1) show that
a) 2(2n-1 C n-1) = (2n Cn)
b) n(2n C n) = (n+1)(2n C n+1)
To prove the given equations, we will use the property of binomial coefficients - Pascal's identity. Pascal's identity states that for any positive integers n and k, the binomial coefficient of n and k can be expressed using the binomial coefficient of n-1 and k-1, and the binomial coefficient of n-1 and k.
a) 2(2n-1 C n-1) = (2n C n)
To prove this equation, let's start by expanding the binomial coefficients on both sides of the equation.
First, let's expand 2(2n-1 C n-1):
2(2n-1 C n-1) = 2 * [(2n-1)! / (n-1)!(2n-1-(n-1))!]
Simplifying this:
2(2n-1 C n-1) = 2 * [(2n-1)! / (n-1)!(n)!(2n-1-n)!(n-1)!]
= 2 * [(2n-1)! / (n)!(n-1)!(2n-2)!(n-1)!]
= 2 * [(2n-1)! / (n)!(n-1)!(2n-2)!]
Next, let's expand (2n C n):
(2n C n) = [(2n)! / (n!(2n-n)!)]
Simplifying this:
(2n C n) = [(2n)! / (n)!(n)!(2n-2)!]
Since (2n-2)! is common in both expressions, let's cancel it out:
2(2n-1 C n-1) = 2 * [(2n-1)! / (n)!(n-1)!(2n-2)!]
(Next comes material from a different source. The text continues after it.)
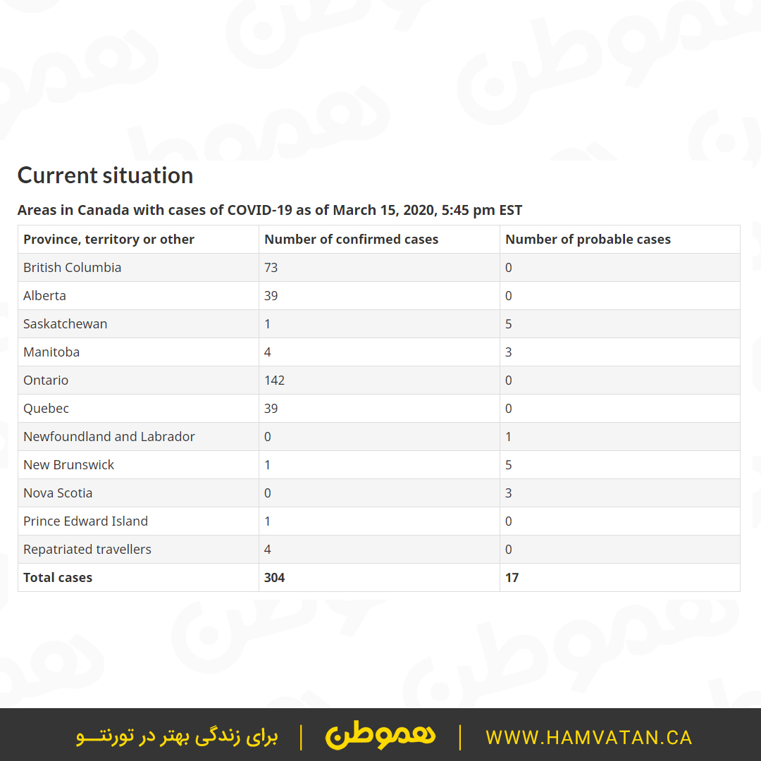 طبق آخرین گزارش آژانس بهداشت کانادا، تا ساعت ۵:۴۵ یکشنبه ۱۵ مارس، تعداد ۳۰۴ مورد ابتلا به کرونا در کانادا تایید شده که تعداد ۱۴۲ مورد در آنتاریو بوده است. از میان ۳۰۴ نفر مبتلا به کرونا در کانادا:

= [(2n)! / (n)!(n)!(2n-2)!]
By canceling out common terms, we can see that 2(2n-1 C n-1) = (2n C n).
b) n(2n C n) = (n+1)(2n C n+1)
To prove this equation, let's expand both sides of the equation using binomial coefficients.
First, let's expand n(2n C n):
n(2n C n) = n * [(2n)! / (n!(2n-n)!)]
Simplifying this:
n(2n C n) = n * [(2n)! / (n)!(n)!(2n-2)!]
= [(2n)! / (n)!(n)!(2n-2)!] * n
Now, let's expand (n+1)(2n C n+1):
(n+1)(2n C n+1) = (n+1) * [(2n)! / (n+1)!(2n-(n+1))!]
Simplifying this:
(n+1)(2n C n+1) = (n+1) * [(2n)! / (n+1)!(n)!(2n-n-1)!(n+1)!]
= [(2n)! / (n)!(n+1)!(2n-1-n-1)!] * (n+1)
= [(2n)! / (n)!(n+1)!(2n-2)!(n+1)!] * (n+1)
By canceling out common terms, we can see that n(2n C n) = (n+1)(2n C n+1).
Thus, we have proved both equations.